Second, recognising the practical problems Lumbermens raises, Justice Aikens concluded that it should also be rejected on public policy grounds, as leading to commercial inconvenience, and to artificial statements in judgments, arbitration awards and settlements, which should not be concerned with potential claims against non-party insurers. Furthermore, parties to settlements, for very good commercial reasons, might not wish to attribute sums to individual heads of claim. Making allocation a precondition to recovery under a liability policy could "discourage settlement of disputes and create more litigation, to no advantage".

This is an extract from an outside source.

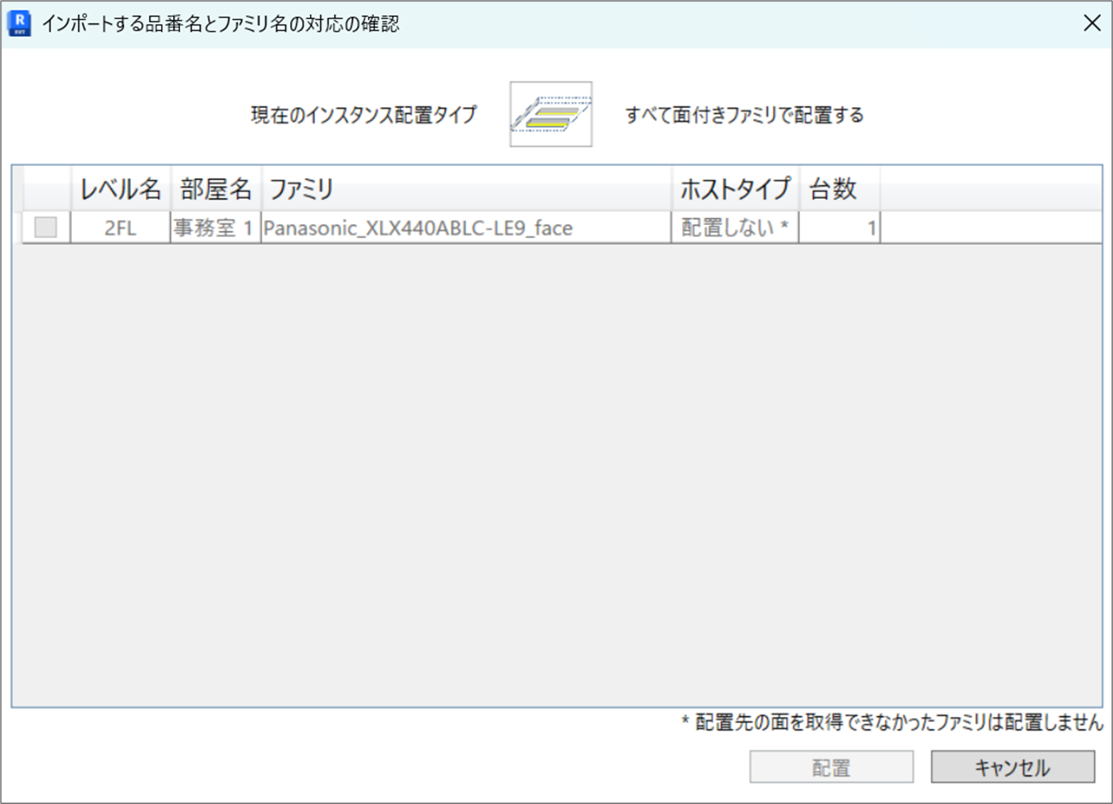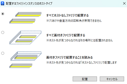 - "すべて⾯付きファミリで配置する" もしくは "⾯付きファミリで配置することを試みる" が選択されている状態で

Lumbermens has not yet been overturned - the criticism added by Justice Aiken in Enterprise Oil does not create a binding contrary precedent. Lumbermens remains a decision which binds tribunals below the English High Court, including English law arbitration panels. Insureds must still take allocation into account in structuring settlements and considering their insurance recoveries.

However, Justice Aikens' criticism shows that the English judiciary generally recognises the problems Lumbermens creates, and suggests that when it does again come before the English Commercial Court, it is unlikely to be followed - and in due course will be conclusively overruled by the English Court of Appeal.

- Tim Bull and Simon Greenley are partners at Reynolds Porter Chamberlain LLP.